◆ **Exercise**:
In the data below, find the line containing "342 Franken für" and the line containing "So in saying", then reproduce them and every line between, exactly. Omit pictures.
===== Data provided =====
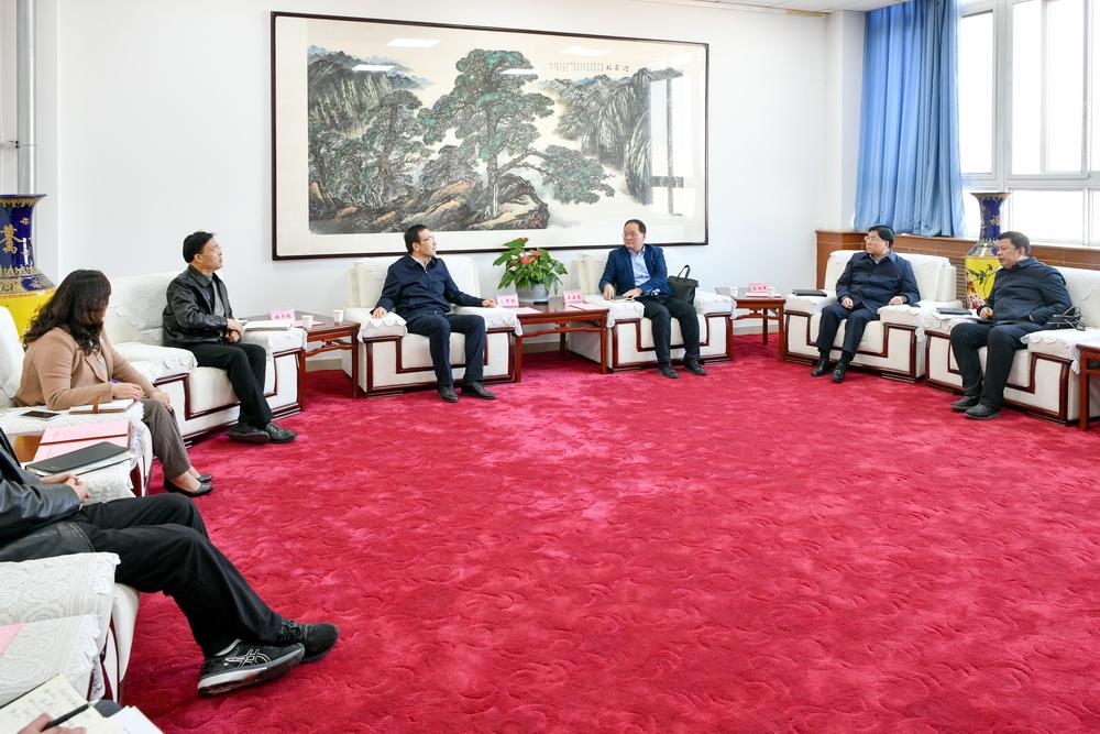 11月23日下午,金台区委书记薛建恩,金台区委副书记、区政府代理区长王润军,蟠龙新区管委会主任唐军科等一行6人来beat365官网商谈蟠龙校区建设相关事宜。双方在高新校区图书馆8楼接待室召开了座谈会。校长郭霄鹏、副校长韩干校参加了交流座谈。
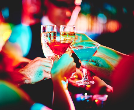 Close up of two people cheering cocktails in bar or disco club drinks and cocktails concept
=====
===== Data provided =====
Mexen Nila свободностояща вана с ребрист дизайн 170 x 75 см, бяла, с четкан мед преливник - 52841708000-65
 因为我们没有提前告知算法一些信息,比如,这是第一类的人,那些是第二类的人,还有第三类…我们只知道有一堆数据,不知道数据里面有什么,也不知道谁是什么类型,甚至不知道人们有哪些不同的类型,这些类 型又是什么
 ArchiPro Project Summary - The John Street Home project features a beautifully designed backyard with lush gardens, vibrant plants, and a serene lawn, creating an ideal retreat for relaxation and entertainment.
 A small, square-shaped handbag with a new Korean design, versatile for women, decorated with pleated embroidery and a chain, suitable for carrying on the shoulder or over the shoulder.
=====
===== Data provided =====
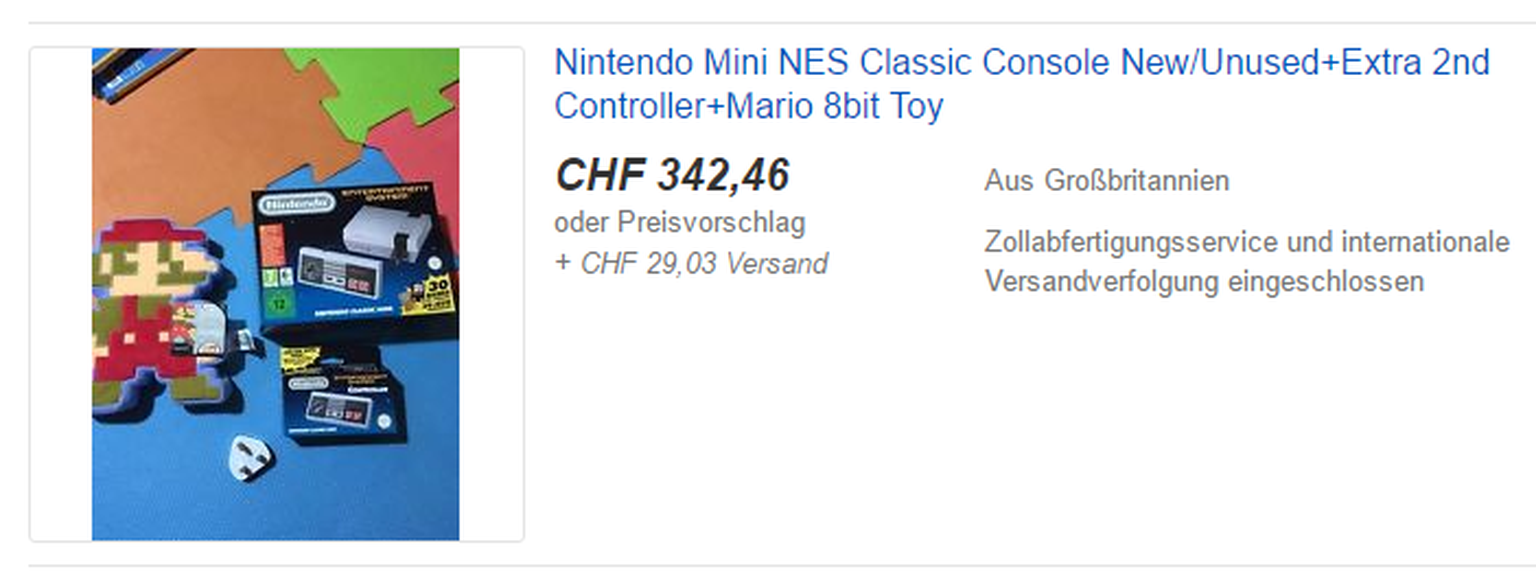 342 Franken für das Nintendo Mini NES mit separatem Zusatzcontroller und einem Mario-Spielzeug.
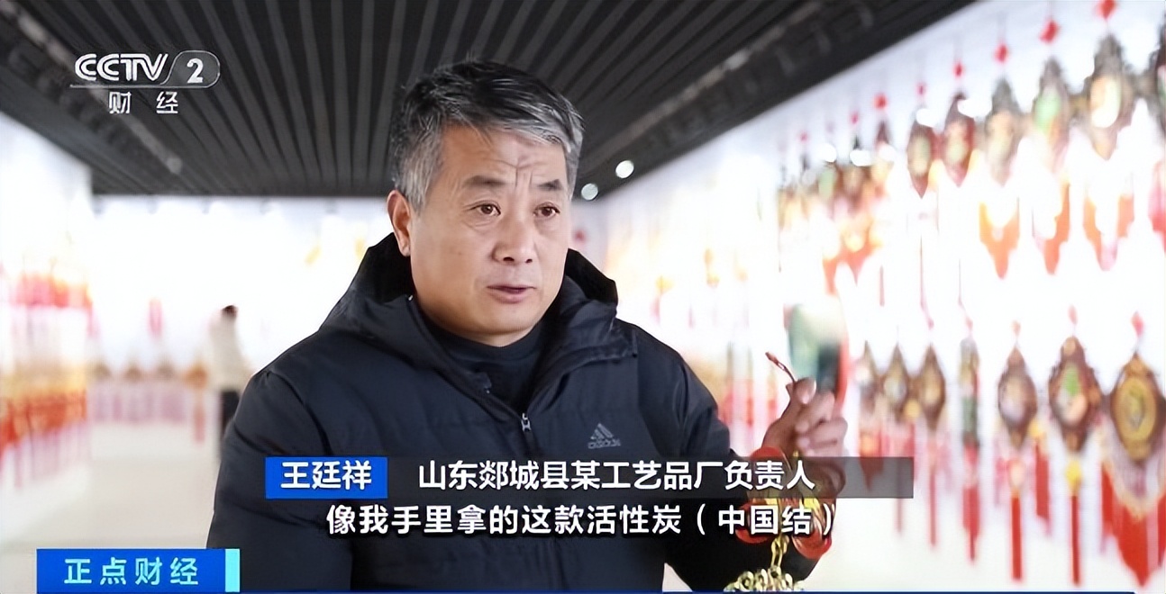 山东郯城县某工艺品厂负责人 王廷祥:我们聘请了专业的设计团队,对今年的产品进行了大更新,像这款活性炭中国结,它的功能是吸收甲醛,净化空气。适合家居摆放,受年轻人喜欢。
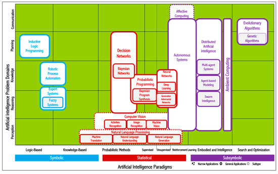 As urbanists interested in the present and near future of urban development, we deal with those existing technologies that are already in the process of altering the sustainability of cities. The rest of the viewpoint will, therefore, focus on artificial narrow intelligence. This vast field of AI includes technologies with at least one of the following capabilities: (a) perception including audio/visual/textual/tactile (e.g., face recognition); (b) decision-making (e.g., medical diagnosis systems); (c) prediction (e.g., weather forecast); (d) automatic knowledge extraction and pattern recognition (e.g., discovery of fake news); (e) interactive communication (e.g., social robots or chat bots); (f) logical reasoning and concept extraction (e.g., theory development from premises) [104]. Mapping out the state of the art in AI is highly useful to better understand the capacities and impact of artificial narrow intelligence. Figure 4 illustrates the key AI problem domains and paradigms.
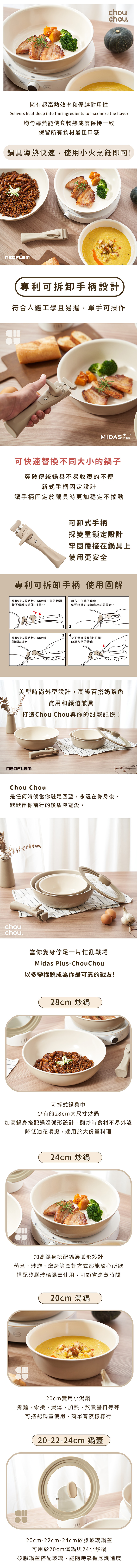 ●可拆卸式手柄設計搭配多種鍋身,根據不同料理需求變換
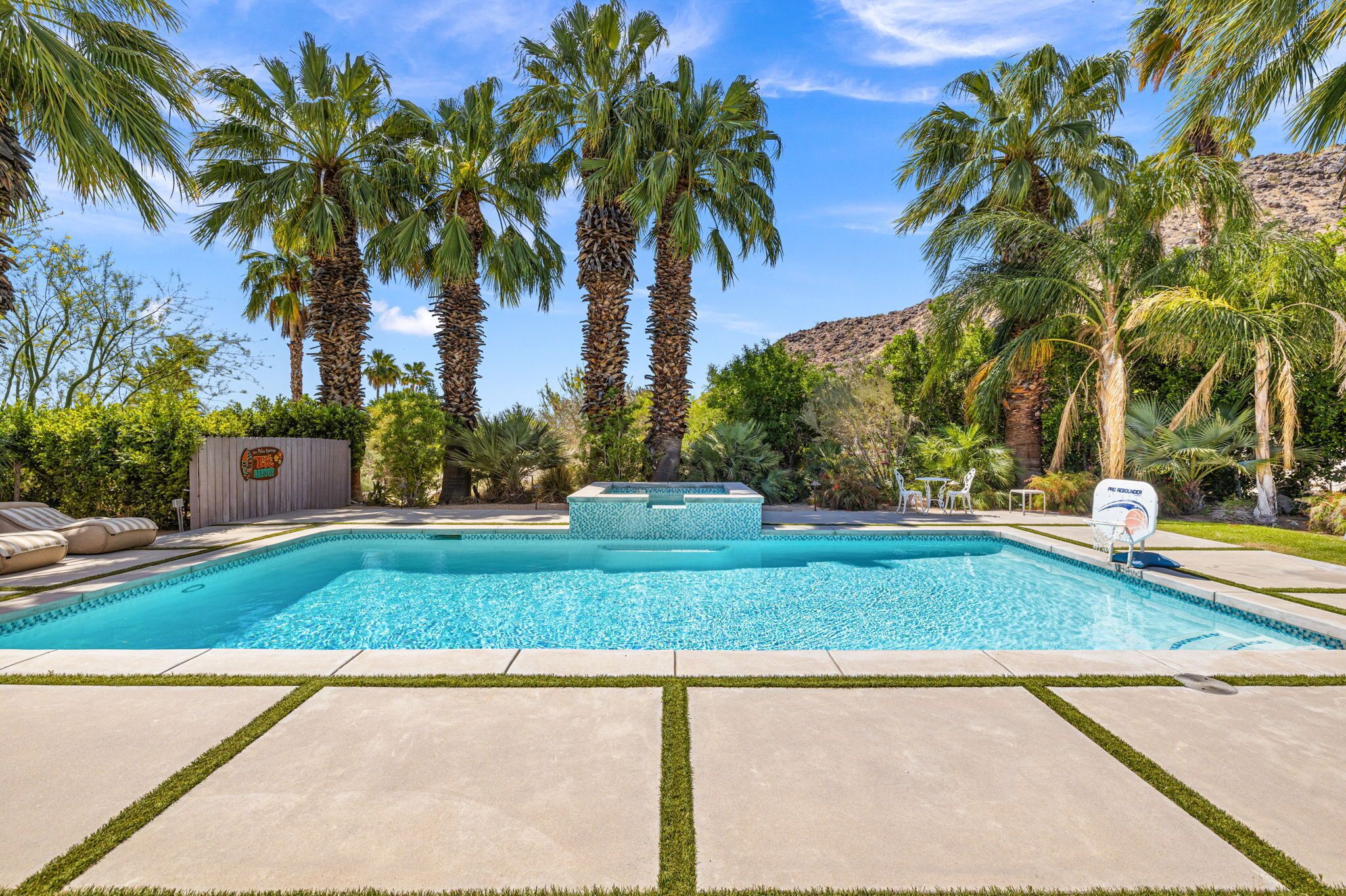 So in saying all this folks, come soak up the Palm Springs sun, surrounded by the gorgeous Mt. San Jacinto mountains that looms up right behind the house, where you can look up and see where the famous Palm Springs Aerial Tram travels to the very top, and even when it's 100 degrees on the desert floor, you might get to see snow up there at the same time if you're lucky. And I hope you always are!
=====
◆ **Answer box**:
 342 Franken für das Nintendo Mini NES mit separatem Zusatzcontroller und einem Mario-Spielzeug.
 山东郯城县某工艺品厂负责人 王廷祥:我们聘请了专业的设计团队,对今年的产品进行了大更新,像这款活性炭中国结,它的功能是吸收甲醛,净化空气。适合家居摆放,受年轻人喜欢。
 As urbanists interested in the present and near future of urban development, we deal with those existing technologies that are already in the process of altering the sustainability of cities. The rest of the viewpoint will, therefore, focus on artificial narrow intelligence. This vast field of AI includes technologies with at least one of the following capabilities: (a) perception including audio/visual/textual/tactile (e.g., face recognition); (b) decision-making (e.g., medical diagnosis systems); (c) prediction (e.g., weather forecast); (d) automatic knowledge extraction and pattern recognition (e.g., discovery of fake news); (e) interactive communication (e.g., social robots or chat bots); (f) logical reasoning and concept extraction (e.g., theory development from premises) [104]. Mapping out the state of the art in AI is highly useful to better understand the capacities and impact of artificial narrow intelligence. Figure 4 illustrates the key AI problem domains and paradigms.
 ●可拆卸式手柄設計搭配多種鍋身,根據不同料理需求變換
 So in saying all this folks, come soak up the Palm Springs sun, surrounded by the gorgeous Mt. San Jacinto mountains that looms up right behind the house, where you can look up and see where the famous Palm Springs Aerial Tram travels to the very top, and even when it's 100 degrees on the desert floor, you might get to see snow up there at the same time if you're lucky. And I hope you always are!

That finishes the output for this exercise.